Repository files navigation

genomine

A self-hosted whole-genome annotation pipeline. Point it at your WGS VCF, let it run, and get a browseable HTML report with ClinVar significance, pharmacogenomic diplotypes, polygenic risk scores, structural variant interpretation, mtDNA haplogroup, and SNPedia community notes — all processed locally on your own machine.
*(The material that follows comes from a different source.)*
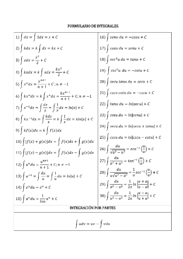 He publicado nuevos ejercicios de 1º Cálculo Integral: Formulas-de-Integracion.pdf

Educational and wellness use only. This software does not provide medical advice and is not a clinical diagnostic tool. Results should not be used to make health decisions without consultation with a qualified clinician. Variant classification and risk scores are approximate and may contain errors.


What you get

A single HTML report (reports/<sample>/index.html) containing:

  • ClinVar significance — ~36,000 variant matches on a full 30x WGS, cross-referenced against expert-reviewed pathogenic/benign calls.
  • Clinical-grade pharmacogenomic findings — PyPGx star-allele calls for ~10 pharmacogenes (CYP2D6, CYP3A5, DPYD, etc.) with CPIC phenotype interpretation.
  • Polygenic risk scores with ancestry percentiles — 6 curated traits (CAD, T2D, Alzheimer's, breast cancer, prostate cancer, longevity) with percentile relative to a matched ancestry reference panel.
  • mtDNA haplogroup — classified via HaploGrep from mitochondrial variants.
  • AnnotSV structural variant interpretation — CNV/SV findings scored with ACMG criteria if you supply a CNV/SV VCF alongside your SNP/indel VCF.
  • SNPedia community notes — rsID matches against the SNPedia community-curated database (optional; ~18,000 matches on a full WGS).

Requirements

Input data:

  • A whole-genome sequencing (WGS) VCF in GRCh38 coordinates — 30x coverage is ideal. Compatible sources include Nebula Genomics, Dante Labs, Sequencing.com, or a raw Illumina pipeline output.
  • v0.1 does not support 23andMe or AncestryDNA chip TXT files. Chip arrays cover ~0.1% of the genome and lack the read-depth information the pipeline's QC filters rely on.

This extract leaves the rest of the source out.